Introduction
Exposure of women to trauma in general has increased in recent years due to their
more active lifestyle. Trauma is the main cause of nonobstetric death in females between
14 and 44 years old,[1]
[2] occurring more frequently during the 3rd trimester of pregnancy than at any other stage in life.[3]
[4] Severe trauma in a pregnant woman can be considered a lesion of double magnitude,[5] with significant fetal mortality.[6] Its occurrence varies from 6 to 7% of pregnancies,[1]
[5]
[6]
[7] with hospitalization in 0.3 to 0.4% of cases.[1]
[5]
The effect of trauma on a pregnant woman depends on the gestational age, on the intensity
of maternal-fetal aggression, and on the type and severity of the injury,[5] and it is generally difficult to predict the possibility of fetal loss after trauma.[1]
[8] The extent of maternal injury does not correlate with the degree of fetal injury,[3]
[9] and it known that even small traumas can cause fetal death and premature labor.[3]
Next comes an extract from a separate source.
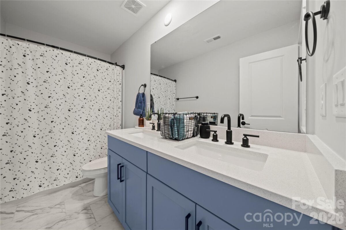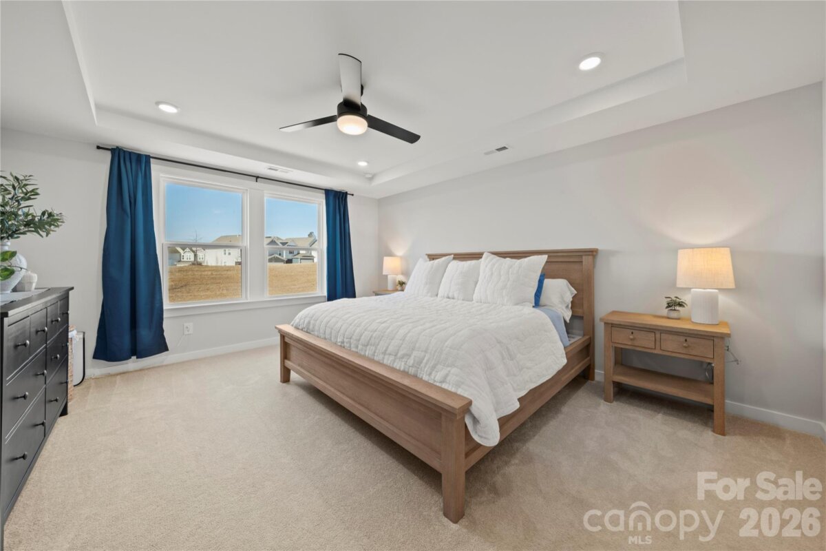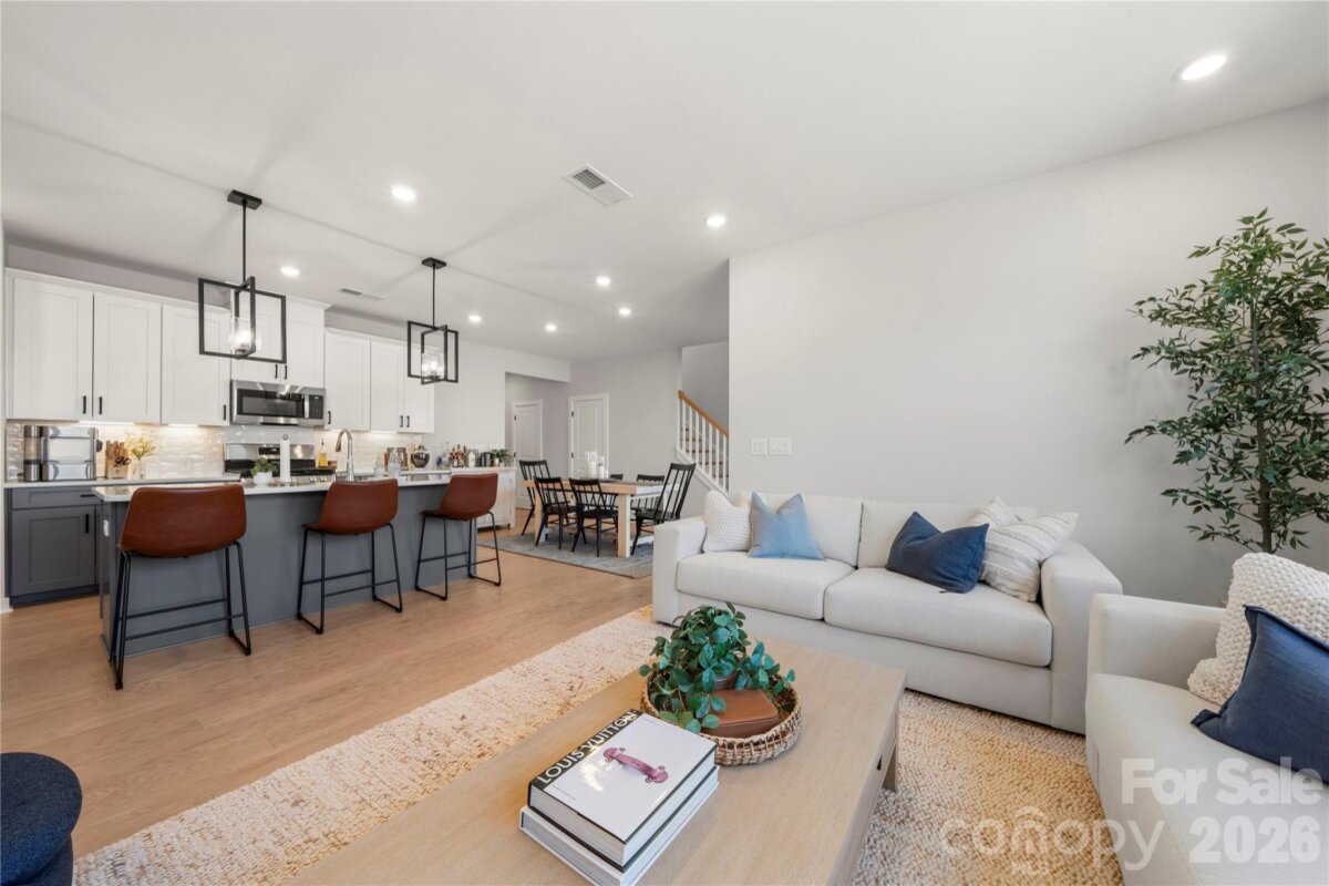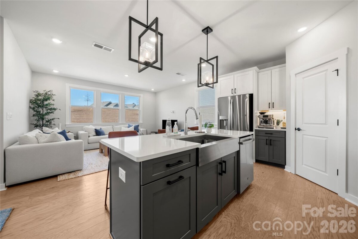 Nestled in the Village at North Reach, this two-story home built in 2024 is a must-see! Step inside to engineered hardwoods throughout the main level and an open-concept layout ideal for everyday living and entertaining. The kitchen features a gas range, stainless steel appliances, a large island with additional seating, and a walk-in pantry with a beverage refrigerator. It opens seamlessly to the dining area and living room. A main-level guest suite with access to a full bath offers flexibility for visitors or a home office, while a convenient half bath completes the main floor. Upstairs, a versatile family room provides additional living space. The primary suite includes a tray ceiling, an expansive walk-in closet and an en-suite bath with a double vanity and walk-in shower. Three additional bedrooms, a full bath, and a conveniently located laundry room complete the upper level. Enjoy the abundant closet space and storage throughout the home. Residents enjoy exceptional community amenities, including access to The Lake House, available for private events for a fee, kayak storage (additional fee), and lake access for swimming, paddleboarding, and kayaking (no motorized boats). A standout feature of this home is the social membership to Palisades Country Club included in your HOA dues, offering access to tennis, the outdoor pool, fitness facilities, and dining amenities (food and beverage charges not included). Additional membership levels are available for an added fee—see attachments for details. Come experience all this beautiful home and vibrant community have to offer!
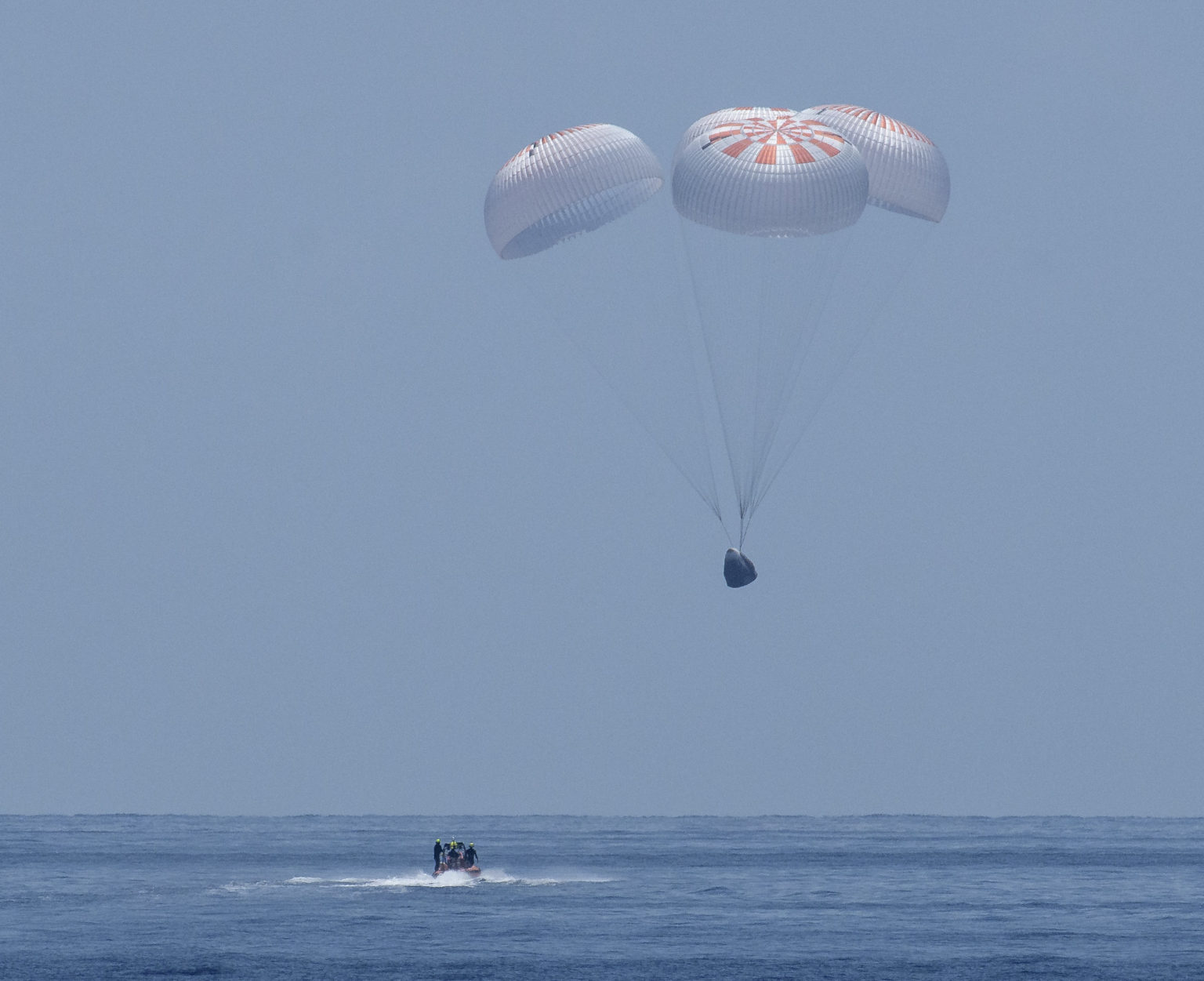 02.08.2020 o 18:47:47 zwodowała na Atlantyku w Zatoce Meksykańskiej kapsuła powrotna statku kosmicznego Crew Dragon "Endeavour" po misji DM-2.

Nine out of 10 traumatic injuries during pregnancy are classified as minor trauma,
that is, one that does not involve the abdomen, rapid decompression, deceleration
or shear forces, and that the patient does not report pain, vaginal bleeding, fluid
loss or decreased fetal movement; however, between 60 and 70% of the fetal losses
associated with trauma are due to mild trauma.[10]
[11] Although the risk of fetal death can be as high in an apparently trivial trauma
as in a severe accident,[12]
[13] most pregnancies continue with a relatively small intervention and are not followed-up.[14] The currently dominant attitude is to consider that the relative risk of having
a child with cerebral palsy after exposure to trauma is not significant,[3] and that the result of pregnancy is normal when no early warning symptoms are recorded.[15]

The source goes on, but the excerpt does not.